Hide Forgot
Is there any reason to think this problem has anything to do with the fact that cluster/distribute had a single subvolume? Presumably if cluster/distribute had many subvolumes and they were all almost full, the same problem would occur. I was the customer seeing the problems Vikas described, but my recollection is touch (creating a file) failed with "No such file or directory" but mkdir succeeded. Regarding Vikas' three suggestions, my $.02: 1. If a file can't be created due to space limitations, either because of min-free-disk or because the underlying filesystem is truly full, then "No space left on device" is certainly a more useful error message than "No such file or directory." 2. I think a warning message should be logged when distribute intentionally refuses to create a file due to min-free-disk. I saw that the disk was 92%, and we are working on enlarging the disk, but I figured "92% is not 100%" so it did not occur to me that the problem was disk-space related. A warning message would fix that. If the underlying bricks were at 100%, I would not need a warning message, because then clearly the problem is that the disk is full. But "disk full" at 92% is not expected, so an explicit warning is warranted. 3. I think distribute's min-free-disk should remain a hard limit. If you want that limit to be 0%, you can set it that way. But making min-free-disk actually be "warn-at-free-disk" just turns glusterfs into a monitoring tool. In general glusterfs should not try to take over the general job of monitoring disk usage; tools like Nagios are better for that.

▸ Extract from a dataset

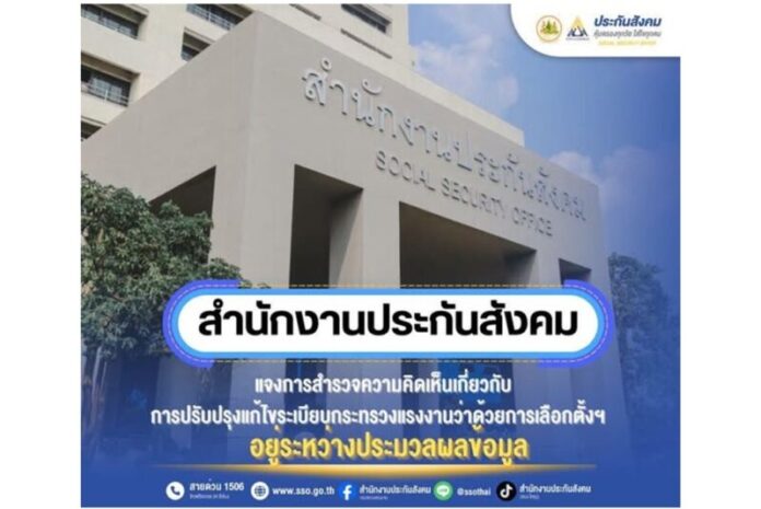 ประกันสังคมแจงการสำรวจความคิดเห็นเกี่ยวกับการปรับปรุงแก้ไขระเบียบกระทรวงแรงงานว่าด้วยการเลือกตั้งฯ อยู่ระหว่างประมวลผลข้อมูล มีผู้ร่วมแสดงความคิดเห็นมากกว่า 7 แสนราย

The following was observed in a setup with distribute with a single subvolume which was 92% full. Since this passed the min-disk-free threshold, distribute did not allow creation of any new files or directories. However, the error messages seen by the user were not helpful: 1) touch failed with "No such file or directory". 2) mkdir failed with "Invalid argument". The client log file had the warning that the subvolume was 92% full. However, when the create failed distribute did not print any message pointing the user to the root of the problem. Suggestions to handle this case better: 1) create, mkdir, etc. operations should return: "No space left on device". 2) A warning log message should be printed indicating that none of distribute's subvolumes have enough space left. 3) It might be useful to change distribute's behavior such that if all its subvolumes are past the threshold it still allows creation of files using the remaining 10% on the subvolumes while printing warning messages.
Please update the status of this bug as its been more than 6months since its filed (bug id < 2000) Please resolve it with proper resolution if its not valid anymore. If its still valid and not critical, move it to 'enhancement' severity.
This situation came due to having distribute with just one subvol. Also this behavior is not reproducable in latest master branch. Hence closing the bug.